Three genuine conflicts between the current lists, resolved toward the actual runtime gate:
1. **`System.Diagnostics`** — InboundAPI forbids the whole namespace; SiteRuntime
forbids only `.Process`. → **Forbid `.Process` only** (allow `Stopwatch`, `Debug`,
`Activity`). *Slightly loosens InboundAPI on harmless types; matches the real runtime.*
2. **`System.Net`** — SiteRuntime forbids only `Sockets`+`Http`; others forbid all. →
**Forbid all `System.Net`** (scripts use the `ExternalSystem` helper for HTTP).
*Slightly tightens SiteRuntime; safe.*
3. **`System.Threading`** — CentralUI allows most of it. → **Forbid all except Tasks +
CancellationToken(Source)** (matches the real runtime). *Tightens the CentralUI editor.*
**Net effect:** the unified policy ≈ SiteRuntime's runtime policy (the gate that
actually executes) + InboundAPI's reflection hardening + all-`System.Net` +
`InteropServices`/`Win32`. Because SiteRuntime already enforces ~this at execution
time, no script that currently deploys-and-runs newly breaks; several real gaps close
(the deploy gate becomes real; the editor stops under-warning; reflection escapes are
blocked everywhere).
## Layering / cycle check
`ScriptAnalysis → { Commons, Microsoft.CodeAnalysis.* }`. Referenced by TemplateEngine,
SiteRuntime, InboundAPI, CentralUI. None of those are referenced *by* Commons, and
ScriptAnalysis references none of them → **no cycles**.
## Test strategy
- **New `ScriptAnalysis.Tests`** — adversarial corpus that must all yield violations:
namespace alias, `using static`, `global::`, `typeof(x).Assembly.GetType("System.IO.File")`,
`dynamic`, `Activator`, `InteropServices`, `Microsoft.Win32`. Legit scripts must be
clean: `await Task`, `Stopwatch`, LINQ, `Math`, `CancellationToken`. `ParseDiagnostics`
catches syntax errors; `Compile(..., typeof(ScriptCompileSurface))` catches
undefined-symbol/type errors **and** accepts real API-using scripts.

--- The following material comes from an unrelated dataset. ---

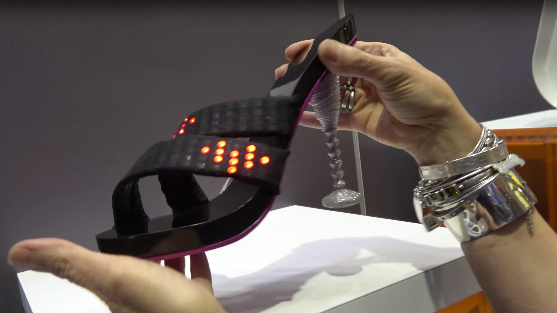 The sole, upper, and interchangeable heels were designed in Tinkercad on an ARM Powered Chromebook, printed using an ARM Powered 3D printer, and then decorated with custom car paint and Swarovski crystals. The circuitry and the LED designs were both done on Raspberry Pi 3. The shoe is powered by an ARM Cortex-M0+ that sits on an Arduino MKR1000 board that is hidden in the shoe’s upper.

- **Drift parity test** — reflect over `ScriptGlobals` vs `ScriptCompileSurface` (and
`TriggerExpressionGlobals` vs `TriggerCompileSurface`); assert public member-name parity
so the stub can't silently drift.
- **Preserve & re-point existing tests** — `ScriptCompilerTests`,
`ForbiddenApiCheckerTests`, `ScriptAnalysisServiceTests` (+ async-resolve, console),
`ScriptCompilationServiceTests`, `TrustModelSemanticTests`, `SandboxTests` must stay
green against the delegating implementations (adjust expected wording where messages change).
- **Adversarial deploy test** (TemplateEngine integration) — a bypass script **fails to deploy**.
## Migration sequencing
- **Wave 0 — spike (M3.0):** confirm `ScriptCompileSurface` can mirror `ScriptGlobals`
with Commons-only deps; confirm package refs resolve in the new project.
- **Wave 1 — foundation (M3.1):** build `ScriptAnalysis` (policy + validator + compiler +
surfaces) with its full test suite. Everything else depends on this.
- **Wave 2 — consumers (M3.2M3.5, parallelizable, disjoint projects):** TemplateEngine ∥
SiteRuntime ∥ InboundAPI ∥ CentralUI each delegate to the shared analyzer; each keeps
its own tests green. *Pathspec commits to avoid shared-index contamination.*
- **Wave 3 — integration + docs (M3.6):** full-solution build; targeted tests across all
five projects + adversarial deploy test; docs (Component-TemplateEngine / -SiteRuntime /
-InboundAPI / -Commons, README + CLAUDE.md component list, remove the "SECURITY
LIMITATION / advisory" notes now that the gate is real); fixture cleanup for any
latent-invalid scripts the real compile surfaces.
## Risks
- **Policy change surfaces latent-invalid fixtures/scripts** — budgeted in Wave 3
(same risk the original plan flagged for M3.4).
- **`ScriptCompileSurface` drift** vs real `ScriptGlobals` — mitigated by the parity test.
- **Touching four working, security-sensitive components** — mitigated by
behavior-preserving delegation + keeping each consumer's existing tests + the
classification-driven review chain (high-risk = serial spec→code review).
## Out of scope
- Physically unifying the **executing** globals types (`ScriptGlobals`, `SandboxScriptHost`)
— they stay with their owners; only the compile-surface stub + trust policy are shared.
- A true runtime sandbox (restricted `AssemblyLoadContext` / out-of-process) — still
future work; the static gate is defence-in-depth, as already noted in InboundAPI-015.